Products of groups

Direct products

DirectProductGroupType
DirectProductGroup

Either direct product of two or more groups of any type, or subgroup of a direct product of groups.

source
direct_productMethod
direct_product(L::AbstractVector{<:GAPGroup}; morphisms)
direct_product(L::GAPGroup...)

Return the direct product of the groups in the collection L.

The parameter morphisms is false by default. If it is set true, then the output is a triple (G, emb, proj), where emb and proj are the vectors of the embeddings (resp. projections) of the direct product G.

Examples

julia> H = symmetric_group(3)
Sym( [ 1 .. 3 ] )

julia> K = symmetric_group(2)
Sym( [ 1 .. 2 ] )

julia> G = direct_product(H,K)
DirectProduct of
 Sym( [ 1 .. 3 ] )
 Sym( [ 1 .. 2 ] )

julia> elements(G)
12-element Vector{Oscar.BasicGAPGroupElem{DirectProductGroup}}:
 ()
 (4,5)
 (2,3)
 (2,3)(4,5)
 (1,2)
 (1,2)(4,5)
 (1,2,3)
 (1,2,3)(4,5)
 (1,3,2)
 (1,3,2)(4,5)
 (1,3)
 (1,3)(4,5)
source
inner_direct_productMethod
inner_direct_product(L::AbstractVector{T}; morphisms)
inner_direct_product(L::T...)

Return a direct product of groups of the same type T as a group of type T. It works for T of the following types:

  • PermGroup, PcGroup, FPGroup.

The parameter morphisms is false by default. If it is set true, then the output is a triple (G, emb, proj), where emb and proj are the vectors of the embeddings (resp. projections) of the direct product G.

source
inner_cartesian_powerMethod
inner_cartesian_power(G::T, n::Int; morphisms)

Return the direct product of n copies of G as group of type T.

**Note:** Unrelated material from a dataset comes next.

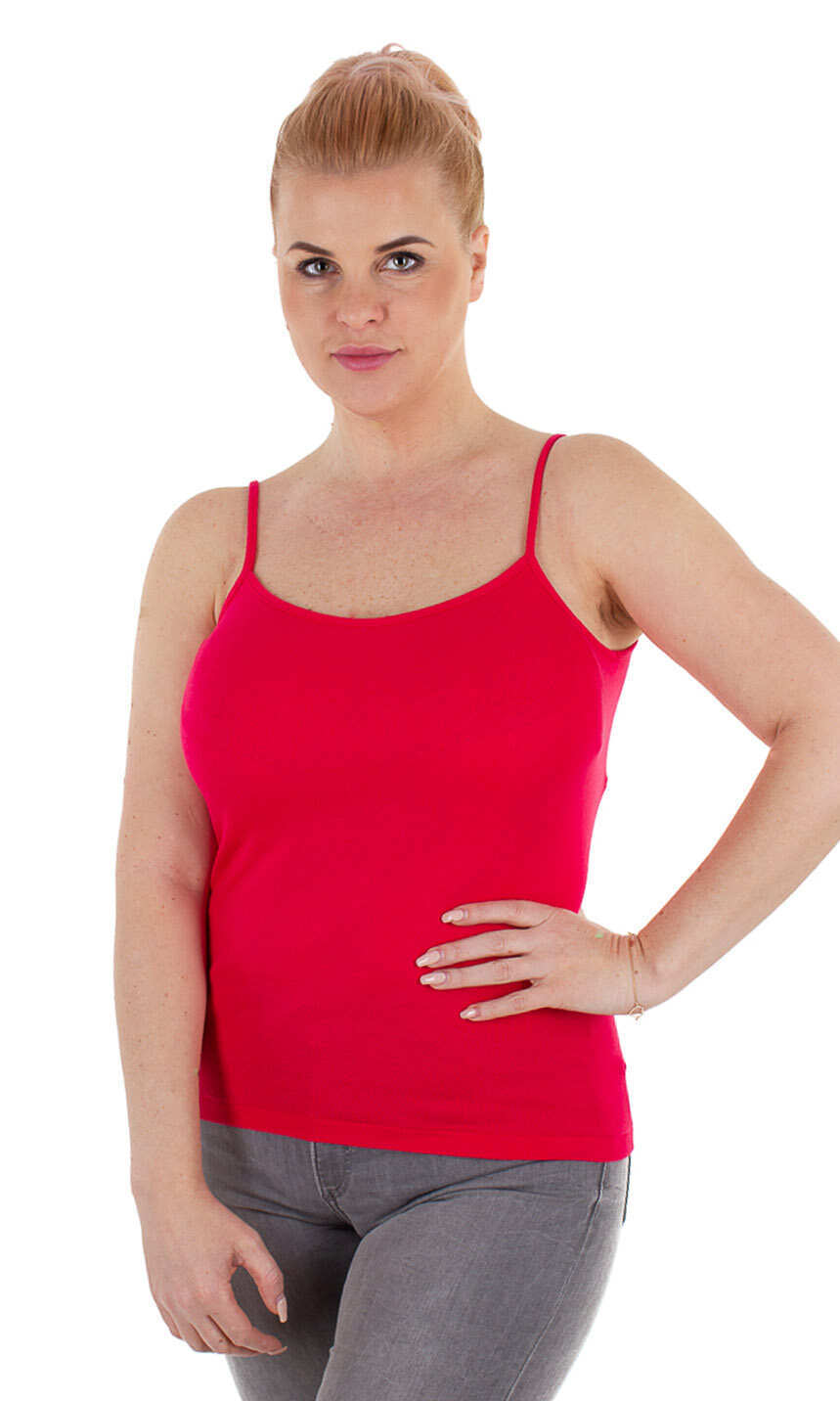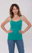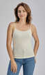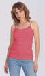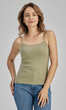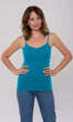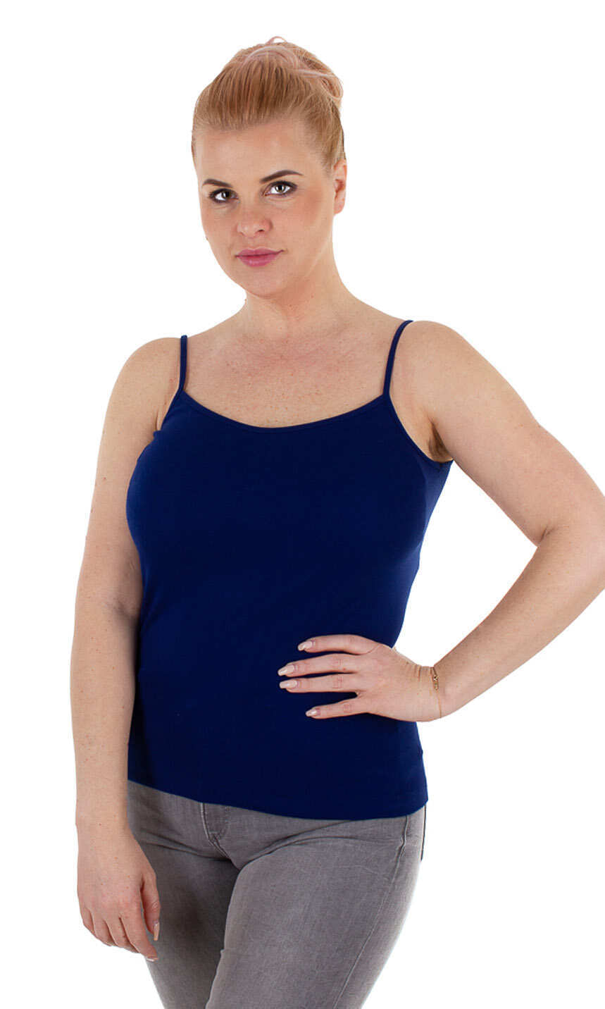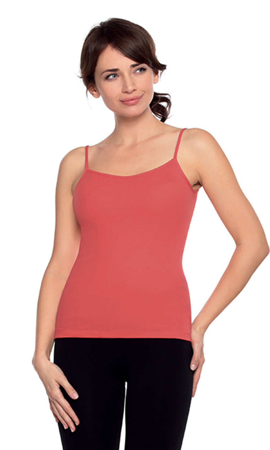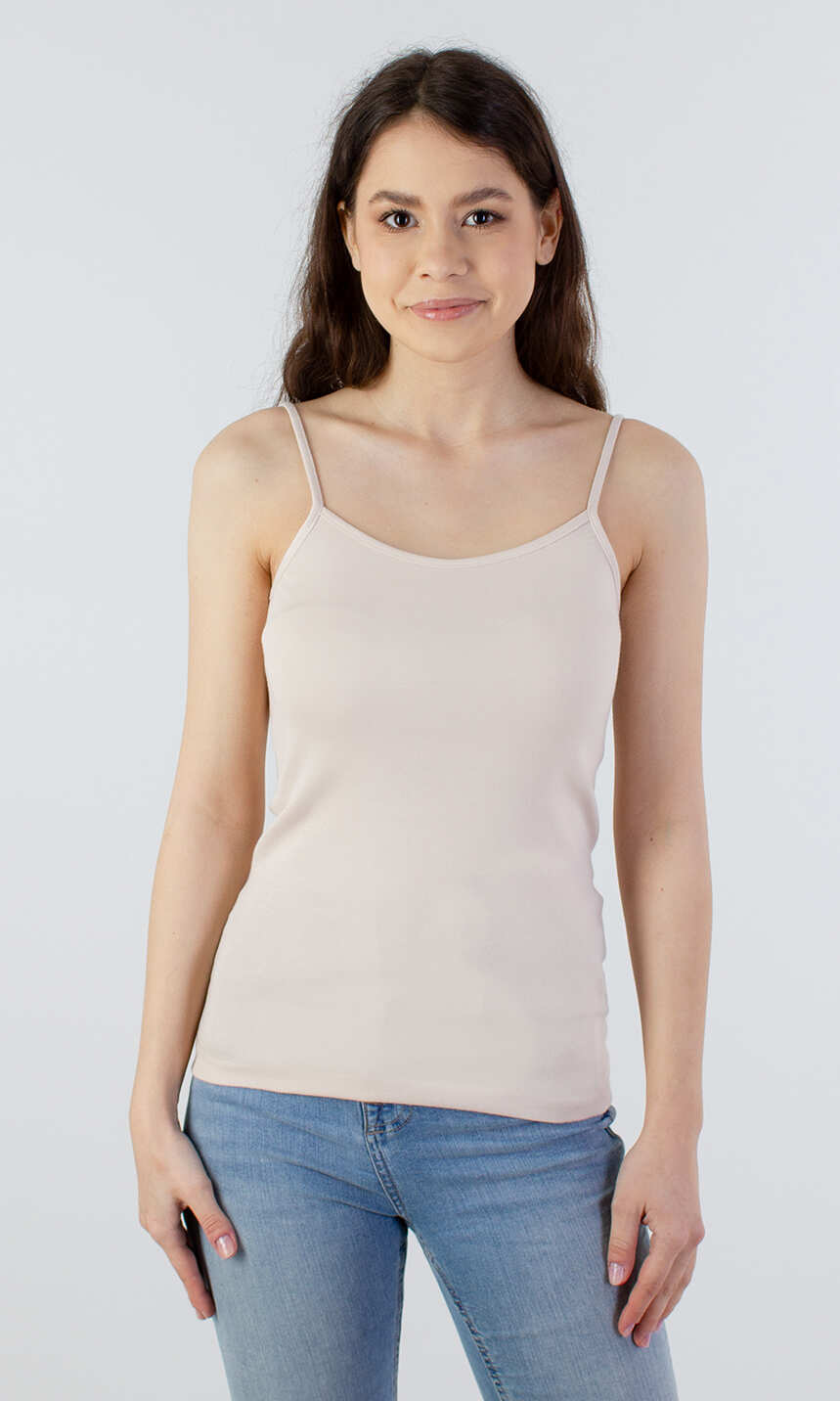 Dekolt oraz ramiączka wykończone bawełnianą lamówką. Idealna na upalne dni, zaś w dni chłodne z powodzeniem sprawdzi się jako baza pod marynarkę lub sweter lub jako zwykły podkoszulek.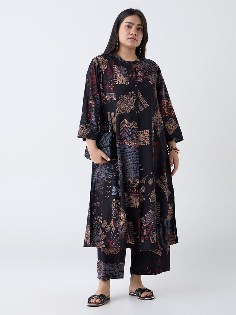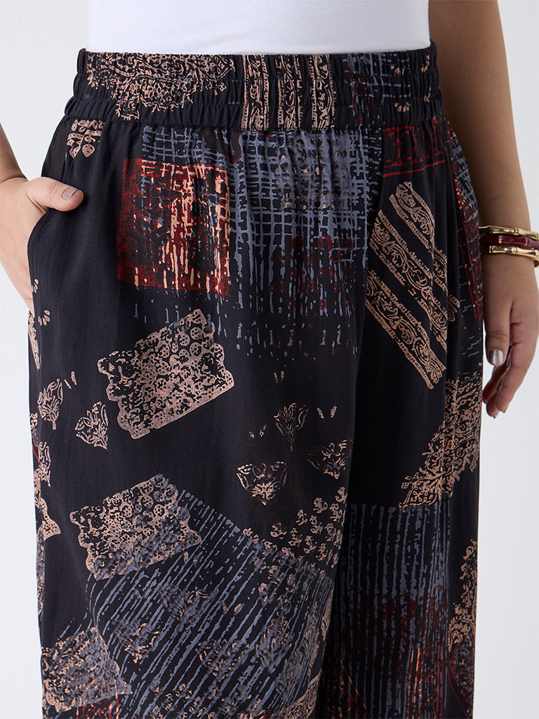 Crafted to amplify comfort and movement, these black ethnic pants by Diza flaunt traditional-inspired prints that bring subtle charm to the look. Made from lightweight fabric, the pair includes an elasticated waist with drawstrings and side pockets for a relaxed fit.

The parameter morphisms is false by default. If it is set true, then the output is a triple (G, emb, proj), where emb and proj are the vectors of the embeddings (resp. projections) of the direct product G.

source
as_perm_groupMethod
as_perm_group(G::DirectProductGroup)

If G is direct product of permutations groups, return G as permutation group.

Examples

julia> H = symmetric_group(3)
Sym( [ 1 .. 3 ] )

julia> K = symmetric_group(2)
Sym( [ 1 .. 2 ] )

julia> G = direct_product(H,K)
DirectProduct of
 Sym( [ 1 .. 3 ] )
 Sym( [ 1 .. 2 ] )

julia> as_perm_group(G)
Group([ (1,2,3), (1,2), (4,5) ])
source
as_polycyclic_groupMethod
as_polycyclic_group(G::DirectProductGroup)

If G is direct product of polycyclic groups, return G as polycyclic group.

source
embeddingMethod
embedding(G::DirectProductGroup, j::Int)

Return the embedding of the j-th component of G into G, for j = 1,...,#factors of G.

Examples

julia> H = symmetric_group(3)
Sym( [ 1 .. 3 ] )

julia> K = symmetric_group(2)
Sym( [ 1 .. 2 ] )

julia> G = direct_product(H,K)
DirectProduct of
 Sym( [ 1 .. 3 ] )
 Sym( [ 1 .. 2 ] )

julia> emb1 = embedding(G,1)
Group homomorphism from
Sym( [ 1 .. 3 ] )
to
DirectProduct of
 Sym( [ 1 .. 3 ] )
 Sym( [ 1 .. 2 ] )

julia> h = perm(H,[2,3,1])
(1,2,3)

julia> emb1(h)
(1,2,3)

julia> emb2 = embedding(G,2)
Group homomorphism from
Sym( [ 1 .. 2 ] )
to
DirectProduct of
 Sym( [ 1 .. 3 ] )
 Sym( [ 1 .. 2 ] )

julia> k = perm(K,[2,1])
(1,2)

julia> emb2(k)
(4,5)

julia> emb1(h)*emb2(k)
(1,2,3)(4,5)
source
projectionMethod
projection(G::DirectProductGroup, j::Int)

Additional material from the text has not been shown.